Pharmasset Reports Positive Preliminary Antiviral Data For PSI-7851

Pharmasset has reported positive preliminary results from phase I clinical trial of PSI-7851, for the treatment of hepatitis C (HCV). PSI-7851 is a second generation nucleotide polymerase inhibitor of HCV.

Pharmasset initiated a phase 1 multiple ascending dose study with PSI-7851 in June, 2009. The trial was conducted at two US centers, as a blinded, randomized, and placebo-controlled study, in 30 patients chronically infected with HCV genotype 1.

The primary objective was to assess the safety, tolerability, and pharmacokinetics of PSI-7851 after once-daily (QD) dosing for 3 days. The secondary objective was to assess antiviral activity by measuring the change in HCV RNA. Patients were randomized to receive either PSI-7851 (eight patients per cohort) or placebo (two patients per cohort). Three dose cohorts of PSI-7851 (50mg QD, 100mg QD, 200mg QD) were evaluated.

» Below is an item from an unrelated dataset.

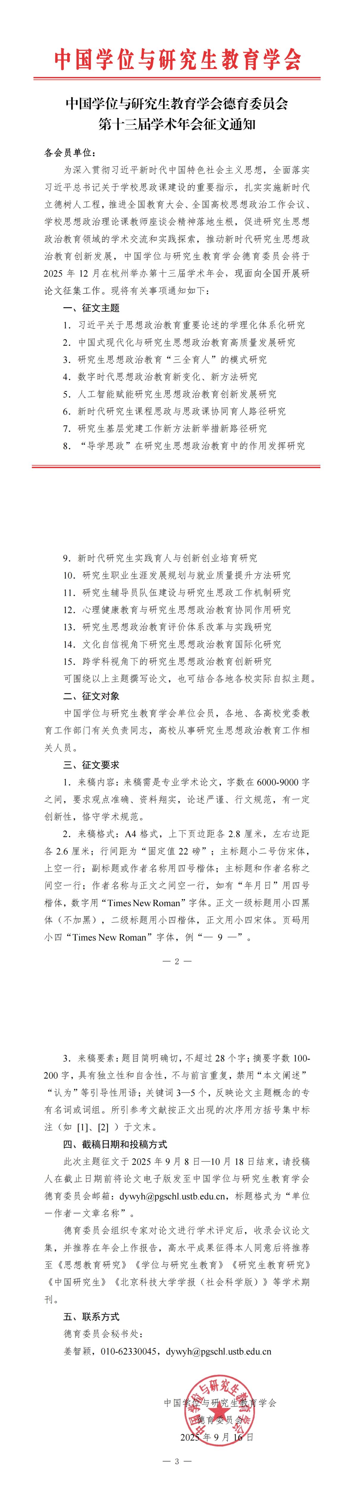 征文通知|中国学位与研究生教育学会德育委员会第十三届学术年会征文通知
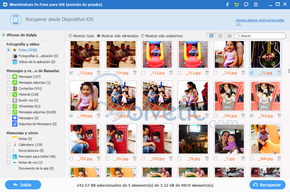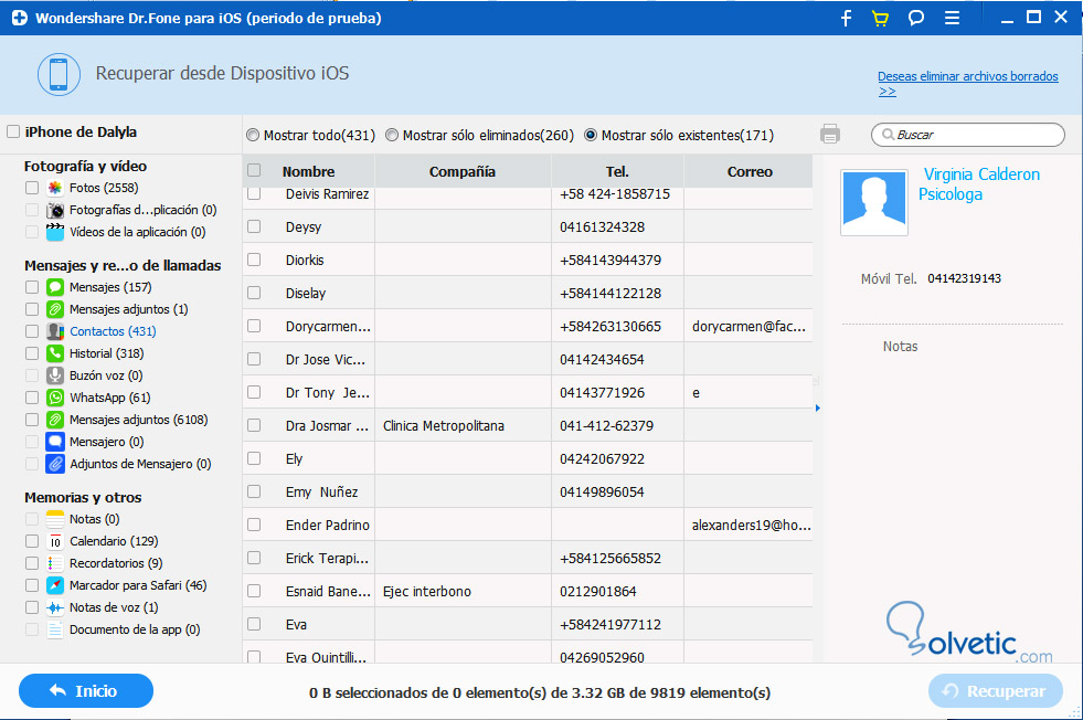 Esta aplicación realiza un trabajo de recuperación exhaustivo de datos que han sido borrados o perdidos en cualquier tipo de dispositivo móvil. Con la instalación de este programa se podrá recuperar: contactos, historial de conversaciones Whatsapp, sms, fotos, videos, notas, enlaces y hasta marcadores Safari.

PSI-7851 demonstrated potent antiviral activity with a mean HCV RNA decrease of -0.49 log(10) IU/mL, -0.61 log(10) IU/mL and -1.01 log(10) IU/mL, in patients receiving 50mg QD, 100mg QD, and 200mg QD, respectively.

Michelle Berrey, chief medical officer of Pharmasset, said: We are very encouraged by the preliminary efficacy and safety data with PSI-7851, our second generation nucleotide analog. The data from these first three cohorts demonstrate that we have achieved our goal of identifying a nucleotide analog with good efficacy that can be administered once daily at a low milligram dose. Given these characteristics and the potential benefits of nucleotide analogs over other classes of HCV direct acting antivirals, we continue to believe that PSI-7851 could become a key component of any future combination treatment regimen for HCV.